Would you say that is 'straightforward future', Nat? (Chamyto's asking, as I understand it, about use of _shall_ for the future tense.)

It seems to me to have pretty hefty overtones of '_We shall not be moved'. _Which always seemed to me to have (rightly or wrongly) hefty overtones of _'You shall not move us':_ ie not 'straightforward future' at all....


----------



## natkretep

Yes, I agree it's future. I also agree that there's also a present tense meaning: 'we remain unshaken'.

Matt Redman is based in Georgia, and I'm wondering what Americans who say they don't use _shall_ would make of its use here.


----------



## iskndarbey

It works in a religious context. It sounds biblical.


----------



## se16teddy

Loob said:


> It seems to me to have pretty hefty overtones of '_We shall not be moved'. _Which always seemed to me to have (rightly or wrongly) hefty overtones of _'You shall not move us':_ ie not 'straightforward future' at all....

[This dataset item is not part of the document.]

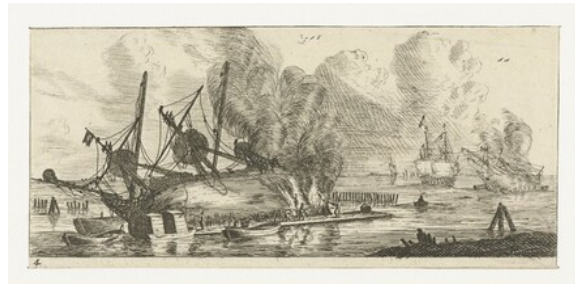
fig. 2 Reinier Nooms, Two Ships Careened for Caulking the Hulls , engraving from Diverse inschepingen en dergelijken (Amsterdam, 1651–1652), fol. 4, Rijksmuseum, Amsterdam, inv. RP-P-OB-20.588

Yes, that was my impression too. God is, or we are, shaping a future in which we are not moved: so the future is not merely predicted, it is *pre-set, determined, *an *effect*. This is how _shall _is used in the familiar older Bible translations, and I guess that the author knows these, and expects his audience to know them, even if they dont use _shall _in this way in everyday speech.


----------



## sound shift

I might say "I shall have to remember to get some batteries" or similar. If there's anything Biblical in that, it escapes me .


----------



## Andygc

This was an interesting thread to find reopened as I was not here the first time around. The diversity of usage in BE alone is a curiosity, especially as several of those contributing are around my age.

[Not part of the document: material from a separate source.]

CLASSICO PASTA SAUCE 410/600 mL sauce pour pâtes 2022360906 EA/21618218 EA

I was most firmly brought up to understand that "shall" is the normal form for the first person singular and plural and "will" for the second and third person. The reversal - I will, you shall - is the emphatic form. Looking back there seems to have been only one other contributor who saw it the same way.

For me, the song "We shall overcome" has a pretty run-of-the-mill title: it should have been "We will overcome". Similarly, "we shall not be moved" seems to me to be in no way a forceful statement - far better to have sung "we will, we will not be moved" to indicate that you _shall _not move us.

I do, however, recognise that these distinctions are now probably somewhat outdated and that "I will" to most BE speakers is now the normal form.


----------



## Giorgio Spizzi

"What shall I do?": "Shall I check it for you?"; "You shall never marry that sponger!"; "Rule, Britannia; Britannia rule the waves; Britons never never never shall be slaves."; "We shall be landing at Gatwick Airport in ten minutes from now"; "We shall fight on the beaches, we shall fight ....."(Sir W. Churchill);"What shall we do with the drunken sailor, ..."(song); ....


----------



## Loob

Giorgio, the examples you have come up with are valid. But most of them represent an older tradition - the one that Andygc describes in his post 59.

The exceptions, to my mind, are is "What shall I do?": "Shall I check it for you?" and "What shall we do with the drunken sailor, ...". I think (and as I recall previous threads bear me out on this) that it is still usual - except in certain varieties of English, including Scottish and Irish English - to use "shall" in first person interrogatives, especially when making an offer or suggestion. I don't believe, myself, that the modal "shall" is being used in these examples as a 'straightforward future'.


----------



## Giorgio Spizzi

Thank you, Loob. 
I believe that words such as _shall, do, to_, etc., ie all the so called "empty/function words" have an _invariant_ meaning—some prefer the word core-meaning—which is always there, regardless of the different _senses_ of the individual sentences. As far as _shall_ is concerned, I see in it a precise stance of the speaker, which reflects itself in the lack of autonomy of the _subject of the sentence_. That said, I think that, say, "We shall overcome" is a very powerful blend of [promise+engagement of speaker+futurity]. It is not a simple prediction, nor is it an expression of strong will. Rather, the speaker shows that things will go that way because he can't help it. Which thing gives the whole expression a granitic strength that would be searched for in vain if another modal were used. We are not so far removed from the linguistic structure of the Commandments: in  "You shall not kill" there's certainly the expression of the Speaker's will, but there is also a sort of "divine bet", as it were, where God defies the subject of the sentence: Things will go that way because I say so, want to bet?".


----------



## Andygc

Giorgio Spizzi said:


> We are not so far removed from the linguistic structure of the Commandments: in  "You shall not kill" there's certainly the expression of the Speaker's will, but there is also a sort of "divine bet", as it were, where God defies the subject of the sentence: Things will go that way because I say so, want to bet?".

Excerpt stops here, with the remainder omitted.